Researchers have shown that crystals can be so flexible they can be bent repeatedly and even tied up in knots, overhauling our current understanding of the structures, and challenging the very definition of a crystal.
As we learnt in school, crystals are brittle and inelastic - if you try to bend a crystal of rock salt or quartz, for example, it will break. But this new research shows that crystals can actually be made to bend, opening up a whole new class of materials that could revolutionise electronics and technology.
Scientists had previously made observations of crystals that could bend, but this is the first time researchers have examined the process at the atomic level, and determined that crystals really can be flexible while still retaining their traditional properties, flipping all current conventions around the structures on their head.
"Crystals are something we work with a lot – they're typically grown in small blocks, are hard and brittle, and when struck or bent they crack or shatter," said one of the lead researchers, John McMurtrie, from Queensland University of Technology (QUT) in Australia.
"While it has previously been observed that some crystals could bend, this is the first study to examine the process in detail.
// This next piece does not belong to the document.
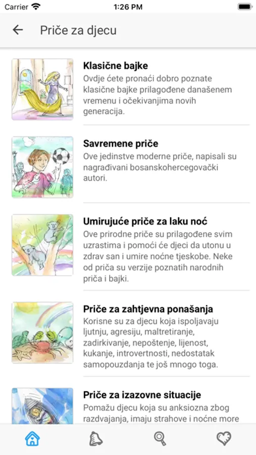 The focus of the application is on learning correct speech, diction and building children's vocabulary. Therefore, all the stories were narrated by professional narrators and famous Bosnian actors and actresses.

We found that the crystals exhibit traditional characteristics of not only hard matter, but soft matter like nylon."
You can see the flexible crystal below:
QUT
Crystals are brittle because of the way their molecules are arranged - they're highly organised structures that are made up of infinitely repeating molecular components. That means no matter which way you look at a crystal structure, it will look the same.
It's this property that makes them so useful in a range of modern technologies, from smartphones to computers. But it also makes them hard, and easy to break or shatter, so they're not as useful in emerging technologies, such as flexible electronics and optical devices.
But this new research has shown that it's possible to grow elastic crystals that can be bent over and over again, before quickly restoring their original shape, just like nylon.
The team was able to grow these elastic crystals about the width of a fishing line and up to 5 cm long.
Most importantly, these flexible crystals still retained all the traditional properties of crystals we rely on in our technology - essentially making them a brand new type of material altogether.
"The crystals that we have prepared fall outside the limits of what have traditionally been considered to be hard and soft matter," the lead researchers write over at The Conversation.
The researchers grew their flexible crystal from a common metal compound known as copper (II) acetylacetonate. The compound was first made in the late 1800s, but changing the way the molecules were arranged within the crystal gave it new flexible properties.
Using X-rays generated by the Australian Synchrotron, the team was able to study the molecular arrangement of the crystals as they were bent, showing that the individual molecules reversibly rotated to give the material its elasticity.
"Under strain the molecules in the crystal reversibly rotate and reorganise to allow the compression and expansion required for elasticity and still maintain the integrity of the crystal structure," said Jack Clegg, who led the collaborating team from the University of Queensland.
Once they understood how it works, the researchers were able to show that crystals made from six other structurally similar metal compounds were also flexible.
"This is an exciting prospect given that there are millions of different types of crystals already known and many more yet to be discovered," said McMurtrie.
"Bending the crystal changes its optical and magnetic properties, and our next step is to explore these optical and magnetic responses with a view to identifying applications in new technologies."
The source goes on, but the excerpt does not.